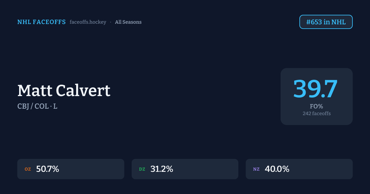 Matt Calvert has a career faceoff win percentage of 39.7% across 242 faceoffs. Best zone: Offensive (50.7%). Ranked #653 in the league.
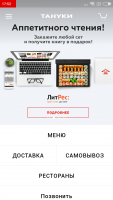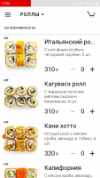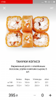 Раздел «меню» удобно раздроблен на подразделы с обозначением категорий. Здесь можно выбрать то, что по душе, не затрачивая время на изучение всего перечня предлагаемых блюд. Например, выбрав раздел «сеты» можно увидеть систематизированные по цене, популярности или даже по калорийности традиционные или праздничные наборы роллов и суши. При этом для каждого блюда есть возможность посмотреть подробный состав и калорийность, добавить его в избранные или поделиться информацией о нем любым способом. Также отдельно выделены новинки, десерты, горячее, напитки и другие. Для семейных случаев предусмотрен раздел «детское меню».
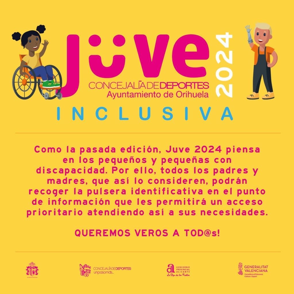 El concejal de Deportes ha destacado la iniciativa JUVE INCLUSIVA para que puedan participar todos los niños y niñas. Se instalará un punto de información junto a la zona de sonido, donde se facilitarán (previa acreditación de la discapacidad de los participantes) unas pulseras con el fin de minorar los tiempos de espera en las actividades y las atracciones.
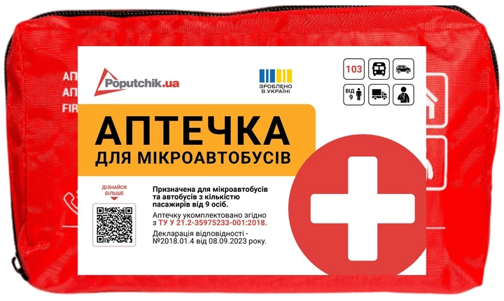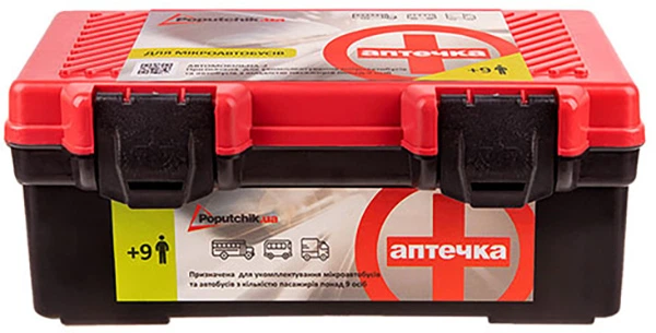 Аптечка медична автомобільна - 2 Poputchik від 9 пас згідно з ТУ пластиковий футляр (02-011-П (VL))

### [Try it]
The reply should consist only of the lines running from the one with "удобно раздроблен на" through the end of the material, both included, copied exactly; please omit pictures.

### [Task result]
 Раздел «меню» удобно раздроблен на подразделы с обозначением категорий. Здесь можно выбрать то, что по душе, не затрачивая время на изучение всего перечня предлагаемых блюд. Например, выбрав раздел «сеты» можно увидеть систематизированные по цене, популярности или даже по калорийности традиционные или праздничные наборы роллов и суши. При этом для каждого блюда есть возможность посмотреть подробный состав и калорийность, добавить его в избранные или поделиться информацией о нем любым способом. Также отдельно выделены новинки, десерты, горячее, напитки и другие. Для семейных случаев предусмотрен раздел «детское меню».
 El concejal de Deportes ha destacado la iniciativa JUVE INCLUSIVA para que puedan participar todos los niños y niñas. Se instalará un punto de información junto a la zona de sonido, donde se facilitarán (previa acreditación de la discapacidad de los participantes) unas pulseras con el fin de minorar los tiempos de espera en las actividades y las atracciones.
 Аптечка медична автомобільна - 2 Poputchik від 9 пас згідно з ТУ пластиковий футляр (02-011-П (VL))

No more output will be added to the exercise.